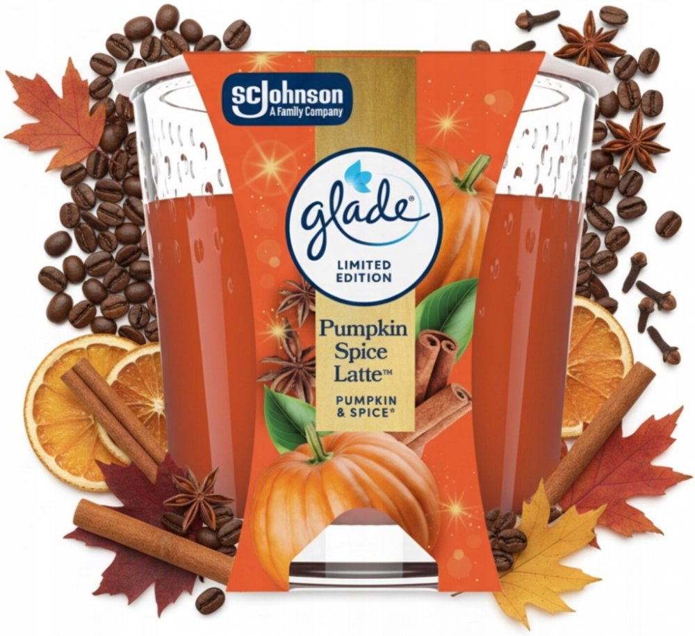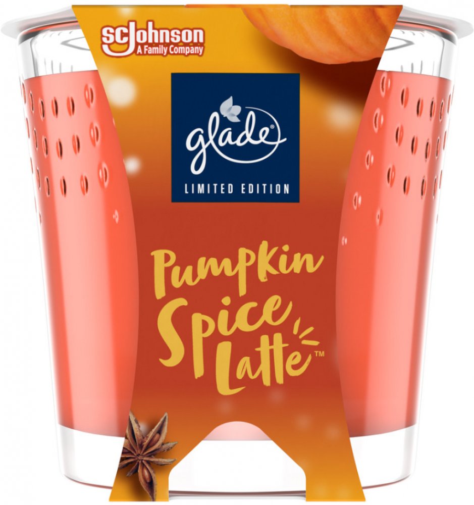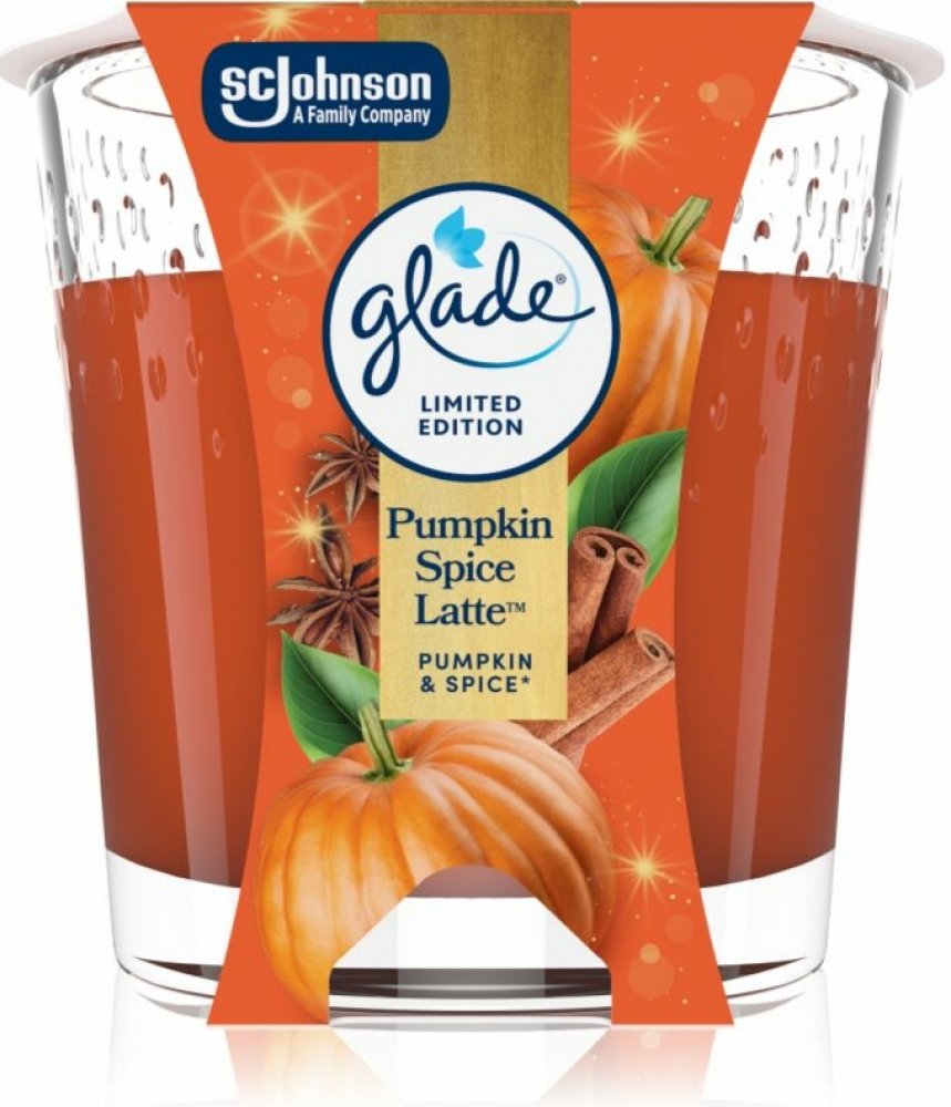 Aromatická svíčka Glade s vůní kořeněného dýňového latté. Obsahuje esenciální oleje, které vytvoří v každé domácnosti jedinečnou atmosféru odpočinku a uvolnění. Masivní sklenička poslouží i jako vkusná dekorace.
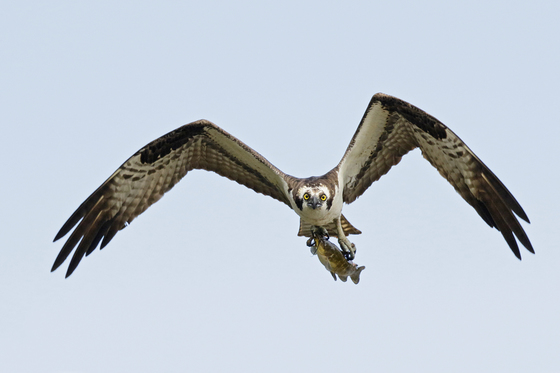 Before migrating South in October there are a large number of osprey catching fish at the top end of Burlington Bay. I was lucky to have this one fly directly towards me.
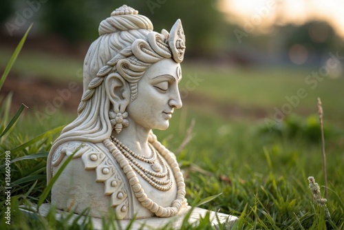 Exquisite Stone Sculpture of Deity in Serene Outdoor Setting Generative AI
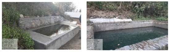 A few natural springs are present in the area due to existence of mountainous terrain, which supplies water throughout the year. Looking at the perennial availability of springs’ water, few springs are selected in this study for utilizing their water for vegetable production. One of the selected perennial springs, located 4 km away from the village toward the upper reach, has a discharge of 2 L s−1. The spring water is diverted to a chamber constructed near the spring, which later conveys the water to a tank constructed at farmer’s field through a 1-inch diameter high-density polyethylene (HDPE) pipe over a distance of 4 km. Similarly, water from five other perennial springs is tapped (Figure 4). The developed water resources are utilized for raising vegetable crops, i.e., tomato, cucumber, onion, and chickpea, and to meet the domestic water requirements.

• **WORK INSTRUCTION**: Exactly as written, repeat the lines of the material above from the first through the line holding "Exquisite Stone Sculpture", with both ends in the copy and no pictures.

• **EXERCISE RESULT**:
 Aromatická svíčka Glade s vůní kořeněného dýňového latté. Obsahuje esenciální oleje, které vytvoří v každé domácnosti jedinečnou atmosféru odpočinku a uvolnění. Masivní sklenička poslouží i jako vkusná dekorace.
 Before migrating South in October there are a large number of osprey catching fish at the top end of Burlington Bay. I was lucky to have this one fly directly towards me.
 Exquisite Stone Sculpture of Deity in Serene Outdoor Setting Generative AI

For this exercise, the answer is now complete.